The Department of Energy and Climate Change (DECC) is being closed in Theresa May’s Cabinet reshuffle. So what is life after DECC going to be like, asks Steve Malkin, CEO of The Planet Mark™?

Steve Malkin, ceo of The Planet Mark™

Apart from another record-breaking hot month (Jan-June 2016 were the hottest 6-months since records began according to NASA), this summer is proving difficult to predict decisions and second-guess outcomes. The latest relates to the disbanding of DECC and the likely after effects. DECC has been merged or subsumed into the new Department of Business, Energy and Industry Strategy (BEIS).
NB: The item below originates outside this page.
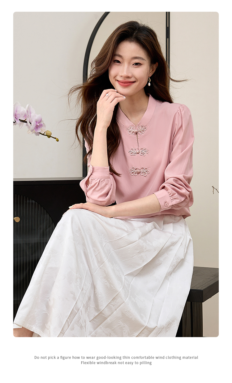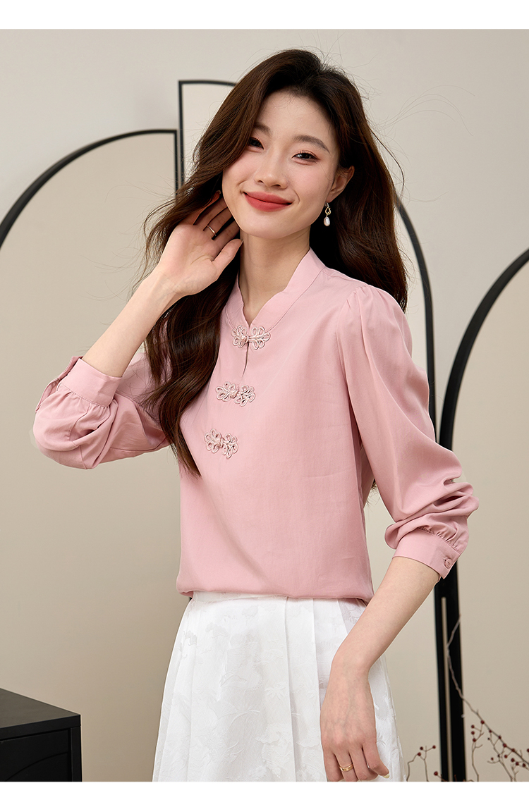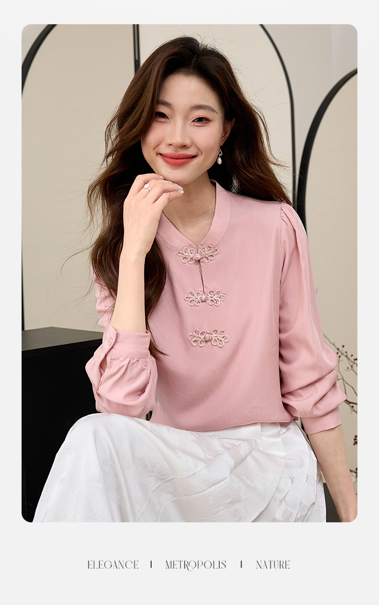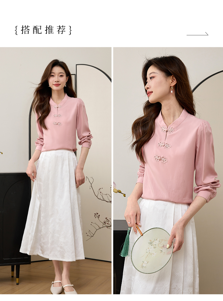 【年终特卖】熙世界新中式旗袍衬衫女士春夏衬衣国风天丝改良版盘扣衬衫

On face value, the message it sends is one of de-priorisation, it removes from cabinet a minister solely responsible for climate change and could threaten the UK’s commitments to cut carbon emissions. The reaction in the immediate aftermath of the announcement was of dismay and consternation from across the scientific, political and environmental communities.

Killing the climate change department could be Theresa May’s first and biggest mistake was the Independent’s headline, alongside _Dis-May-ed! DECC scrapped, Leadsom to run Environment_in the Ecologist.

However, I think we should judge DECC’s demise on the actions of the new Secretary of State for Business, Energy and Industrial Strategy, Greg Clark MP. Unlike DECC, the new department should receive and maintain a healthy budget and in Greg Clark, it has a minister who understands the value of energy efficiency and the low carbon economy.

As you might expect, he cut an optimistic tone on accepting the new role: “I am thrilled to have been appointed to lead this new department charged with delivering a comprehensive industrial strategy, leading government’s relationship with business, furthering our world-class science base, delivering affordable, clean energy and tackling climate change.”

It is in this comment that I can see a real opportunity for climate change mitigation and adaptation; to embed climate action in our business, energy and industrial strategy.

Bringing energy and climate change under the same roof as business and industry is analogous with the work we do at The Planet Mark™ with organisations, helping them achieve the business benefits of sustainability. We encourage business decisions to be made whilst considering economic, environmental and societal impacts. It embeds sustainable practices across departments and through organisational structures, so that it becomes ‘the way we do business’.

Life after DECC is yet to be determined and we must be aware of the pitfalls of the new BEIS and continue to hold Government to account. However, if BEIS gets it right and shows real leadership, we will see that climate change solutions can be embedded into our business, energy and industrial strategy. And perhaps the message we can send to the rest of the world is ‘this is the way we do business’.